Ferrovial has issued a response to the government, stating that the financial reasons behind its social transfer to the Netherlands are clear, well established, and do not create tax advantages or disadvantages for the company or its shareholders. The move will be decided at the shareholders’ meeting scheduled for this Thursday.
The railway sector and other observers may interpret the shift differently. Gonzalo García Andrés questions the economic motive proposed by the group, arguing that regulatory hurdles and other factors render the transfer to the Netherlands a necessary precursor to listing common shares in the United States, rather than solely a strategic reorganization.
Ferrovial’s outbound communications director, Francisco Polo, reiterated in a statement to Onda Cero that the transfer will have a neutral tax impact and is a safe, proven path that has been followed by other European companies in similar circumstances.
“The economic reasons behind Ferrovial’s decision are well understood,” he said, pointing to analyses by three major proxy advisory firms. ISS, Glass Lewis, and CorpOrance conducted extensive reviews and arrived at a common conclusion: voting in favor of the proposal is advisable because of the solid economic rationale behind it.
Ferrovial argues that the move will strengthen its ability to compete in international markets, increase liquidity for its shares, raise overall market capitalization, and improve visibility and financing terms with global investors. “These are the obvious reasons for us,” he added.
When asked about potential tax benefits or exemptions connected to hidden capital gains arising from the transaction, Ferrovial clarified that there is no need to verify such exemptions, and there are no tax advantages or drawbacks for the company or its shareholders.
The group, led by Rafael del Pino, contends that the transfer will benefit the Spanish community by strengthening competitiveness against large infrastructure groups on more favorable terms. It argues the move will streamline the impact on the small and medium-sized enterprises involved in its projects, protect employment for about 5,500 people, sustain ongoing activity and investment, and position the group for future inclusion on the Ibex 35 index.
Ferrovial also reaffirmed its commitment to remaining active in Spain. The company’s management team for ongoing projects will stay in Spain, and the pool of engineers, geologists, and other professionals involved in construction and concessions will continue to be drawn from the Spanish talent pool.
“Ferrovial is not leaving Spain,” the company spokesperson emphasized.

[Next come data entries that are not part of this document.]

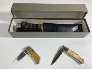 名古屋市にお住いの方より宅配買取のご依頼を頂きました。 人気ナイフ作家、松田菊男氏のH-MINUS、 土居良明作、剣鉈、 コロンビア SA39の3点でした。 いずれのナイフもブレードに研ぎ跡、…
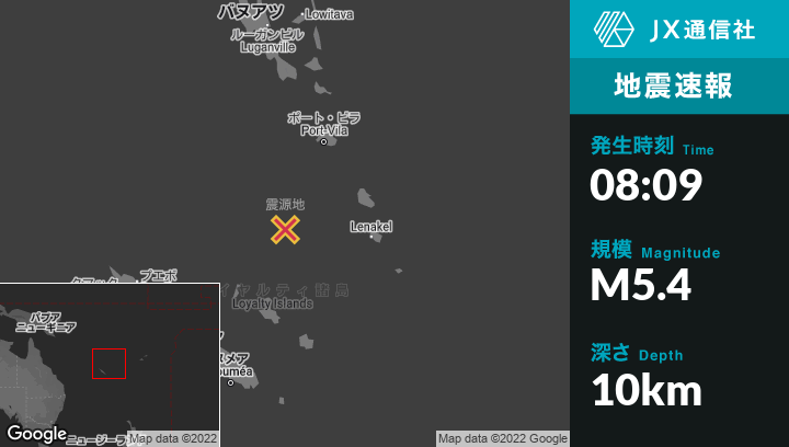 | 震源地 | ニューカレドニアのWéから北182kmの地点 |
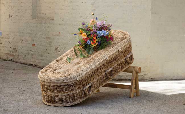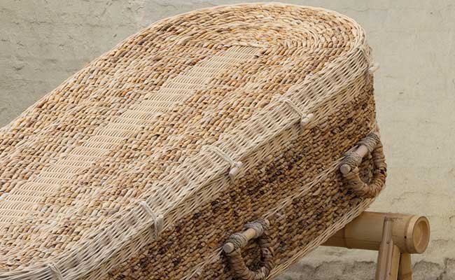 Uitvaartmanden van natuurlijke materialen zoals wilgenteen, pandanus en bananenblad. Geschikt voor natuurbegraafplaatsen, crematie en reguliere begrafenissen.
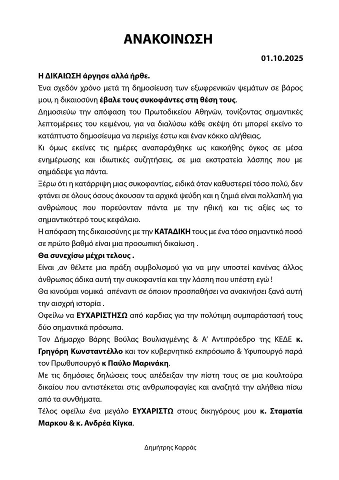 Ένα σχεδόν χρόνο μετά τη δημοσίευση των εξωφρενικών ψεμάτων σε βάρος μου, η δικαιοσύνη έβαλε τους συκοφάντες στη θέση τους. Δημοσιεύω την απόφαση του Πρωτοδικείου Αθηνών, τονίζοντας σημαντικές λεπτομέρειες του κειμένου, για να διαλύσω κάθε σκέψη ότι μπορεί εκείνο το κατάπτυστο δημοσίευμα να περιείχε έστω και έναν κόκκο αλήθειας. Κι όμως εκείνες τις ημέρες αναπαράχθηκε ως κακοήθης όγκος σε μέσα ενημέρωσης και ιδιωτικές συζητήσεις, σε μια εκστρατεία λάσπης που με σημάδεψε για πάντα. Ξέρω ότι η κατάρριψη μιας συκοφαντίας, ειδικά όταν καθυστερεί τόσο πολύ, δεν φτάνει σε όλους όσους άκουσαν τα αρχικά ψεύδη και η ζημιά είναι πολλαπλή για ανθρώπους που πορεύονταν πάντα με την ηθική και τις αξίες ως το σημαντικότερό τους κεφάλαιο. Η απόφαση της δικαιοσύνης με την ΚΑΤΑΔΙΚΗ τους με ένα τόσο σημαντικό ποσό σε πρώτο βαθμό είναι μια προσωπική δικαίωση. Θα συνεχίσω μέχρι τέλους. Είναι ,αν θέλετε μια πράξη συμβολισμού για να μην υποστεί κανένας άλλος άνθρωπος άδικα αυτή την συκοφαντία και την λάσπη που υπέστη εγώ ! Θα κινούμαι νομικά απέναντι σε όποιον προσπαθήσει να ανακινήσει ξανά αυτή την αισχρή ιστορία. Οφείλω να ΕΥΧΑΡΙΣΤΗΣΩ από καρδιάς για την πολύτιμη συμπαράστασή τους δύο σημαντικά πρόσωπα. Τον Δήμαρχο Βάρης Βούλας Βουλιαγμένης & Α’ Αντιπρόεδρο της ΚΕΔΕ κ. Γρηγόρη Κωνσταντέλλο και τον κυβερνητικό εκπρόσωπο & Υφυπουργό παρά τον Πρωθυπουργό κ Παύλο Μαρινάκη. Με τις δημόσιες δηλώσεις τους απέδειξαν την πίστη τους σε μια κουλτούρα δικαίου που αντιστέκεται στις ανθρωποφαγίες και αναζητά την αλήθεια πίσω από τα συνθήματα. Τέλος οφείλω ένα μεγάλο ΕΥΧΑΡΙΣΤΩ στους δικηγόρους μου κ. Σταματία Μάρκου & κ. Ανδρέα Κίγκα.
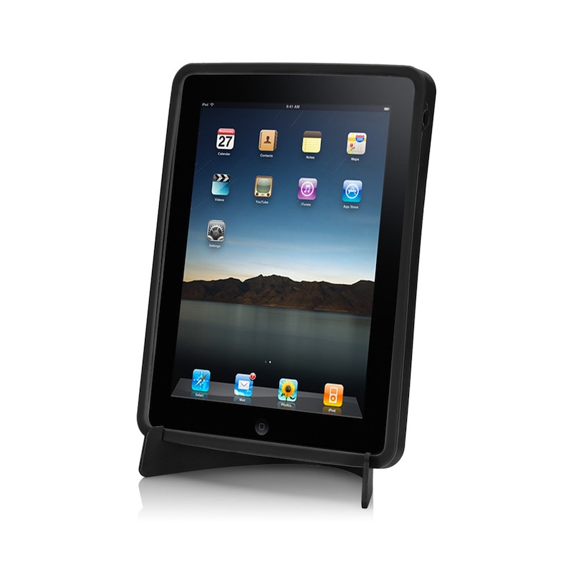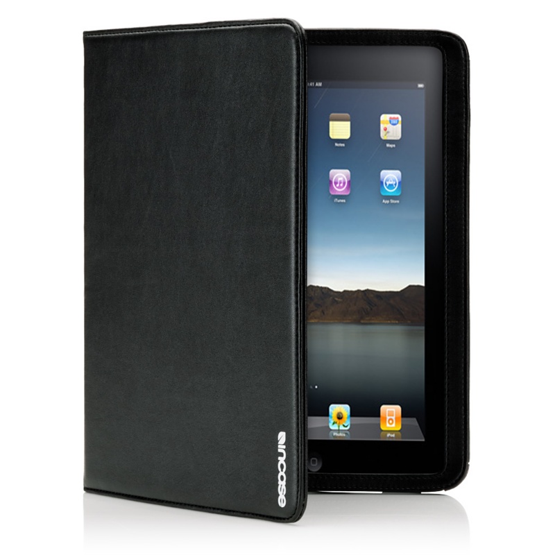 Looks like Incase has six case designs: slip case (insert, $40), sleeve plus (zipper, $40), convertible book jacket (moleskine-esque, $60), a travel kit (with keyboard pocket, $60), and two protective covers (with a stand or with a grip, $40).
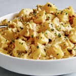 Ajouter le mélange aux pommes de terre, ajouter le céleri et les oignons et bien mélanger le tout.
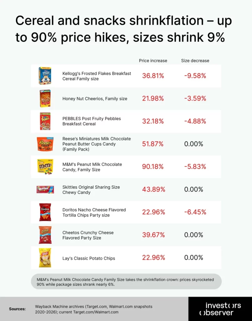 Un nuevo análisis de InvestorsObserver revela que, aunque muchos de los productos básicos más conocidos de Estados Unidos —como los Frosted Flakes, los Doritos, la Coca-Cola, la sopa Campbell’s y los M&M’s— pueden parecer iguales en las estanterías, en realidad te están costando mucho más.
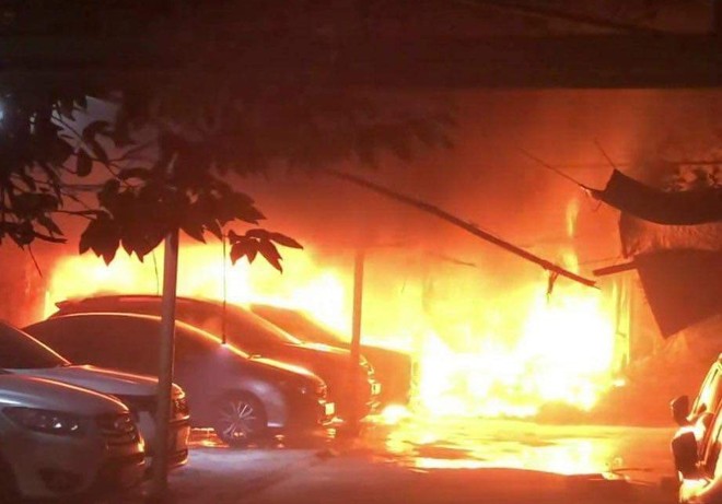 Lực lượng chữa cháy chuyên nghiệp khẩn trương đến hiện trường, ghi nhận điểm cháy nằm trong con ngõ khá rộng. Tại đây, một số hộ dân đã dựng mái để đỗ ô tô qua đêm. Vị trí phát lửa là 1 trong số các xe ô tô này!

Government insists on alternative
In a letter to Ignacio Madridejos, Ferrovial’s chief executive, the government requested a briefing at the meeting and stressed that shareholders and the company should be aware of an alternative route to the social transfer that could achieve the strategic objective of listing in the United States.
The Minister of State for the Economy, speaking to Onda Cero, noted that the government, along with CNMV and BME, is prepared to support an alternative path that could accompany Ferrovial on its listing journey in the US.
In a Monday letter, the government asserted that such a crucial decision should be made with full understanding of the implications. It argued that there is no economic justification for treating the listing process in the United States, with common shares from Spain, any differently than similar processes in other European jurisdictions.
Given that the applicable tax regime would depend on the chosen path, the presence or absence of a clear economic motivation remains a key consideration for the decision.